PowerSEC is built for the unglamorous reality of running other people’s WordPress sites: signed actions, scoped keys, encrypted transport, and backups you can actually restore.
Every action PowerSEC sends to a connected site is HMAC-signed with a per-site key. Requests carry a timestamp and a one-time nonce, and are rejected outside a short validity window — so a captured request can’t be replayed. Each action is recorded in the site’s audit log.
Sites authenticate with their own keys, separated by scope: a telemetry key for read/report traffic and a remote key for privileged actions. Compromising one site’s key never grants access to another, and keys can be rotated or revoked from Central.
All traffic between your sites, the dashboard, and Central runs over TLS. Per-site keys are scoped, rotatable, and revocable from Central; billing and third-party integration tokens are encrypted at rest.
Backups travel over encrypted (TLS) connections and are kept in secure cloud storage, encrypted at rest by the provider. Each upload is SHA-256-verified and re-checked for integrity in storage — downloaded only through short-lived, signed URLs, never from a public, guessable location.
Dashboard access is JWT-based with role separation (owner, team, support, admin). Plan and feature gates are enforced on the server, not just hidden in the UI, so the API is the source of truth for who can do what.

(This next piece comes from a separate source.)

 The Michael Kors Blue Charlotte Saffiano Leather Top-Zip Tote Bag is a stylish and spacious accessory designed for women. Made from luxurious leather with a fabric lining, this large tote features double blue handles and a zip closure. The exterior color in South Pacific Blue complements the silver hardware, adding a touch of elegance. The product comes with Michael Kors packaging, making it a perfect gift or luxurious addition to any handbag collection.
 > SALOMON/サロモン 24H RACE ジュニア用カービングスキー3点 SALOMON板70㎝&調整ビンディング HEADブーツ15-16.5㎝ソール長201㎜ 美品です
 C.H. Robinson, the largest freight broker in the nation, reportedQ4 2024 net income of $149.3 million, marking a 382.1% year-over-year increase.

Found a vulnerability? We want to hear about it. Email security@powersec.io and we’ll acknowledge and work with you on a fix. We don’t pursue good-faith researchers who follow responsible disclosure.

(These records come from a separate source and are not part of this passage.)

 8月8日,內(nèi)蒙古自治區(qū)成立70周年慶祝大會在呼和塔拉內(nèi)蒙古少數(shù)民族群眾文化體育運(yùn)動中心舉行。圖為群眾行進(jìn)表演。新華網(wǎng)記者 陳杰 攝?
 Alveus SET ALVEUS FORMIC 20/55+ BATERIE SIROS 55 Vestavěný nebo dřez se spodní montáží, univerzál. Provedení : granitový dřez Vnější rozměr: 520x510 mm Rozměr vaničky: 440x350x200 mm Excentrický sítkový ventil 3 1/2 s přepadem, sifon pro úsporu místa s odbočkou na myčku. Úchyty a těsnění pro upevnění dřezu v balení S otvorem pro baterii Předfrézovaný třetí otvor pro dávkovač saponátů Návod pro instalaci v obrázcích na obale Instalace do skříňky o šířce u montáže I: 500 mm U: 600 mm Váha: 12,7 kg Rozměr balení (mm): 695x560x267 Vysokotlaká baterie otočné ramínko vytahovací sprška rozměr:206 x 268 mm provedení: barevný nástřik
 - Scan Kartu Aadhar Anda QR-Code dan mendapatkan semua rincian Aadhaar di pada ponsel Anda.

The PowerSEC dashboard and API run on managed cloud infrastructure with TLS everywhere — connections between your sites and Central are required to be encrypted (HTTPS). Backups and uploaded files are kept in secure cloud storage and accessed only through short-lived signed URLs. We store the minimum we need to monitor and protect your fleet — security findings, backup metadata, and the settings you configure.
We do not sell your data. See our Privacy Policy and Terms for how data is handled, retained, and deleted.
Responsible disclosure is welcome. Email security@powersec.io — we aim to acknowledge reports within 3 business days and will keep you updated on the fix. We won’t pursue good-faith researchers who follow responsible disclosure and avoid privacy violations, data destruction, or service disruption. See security.txt.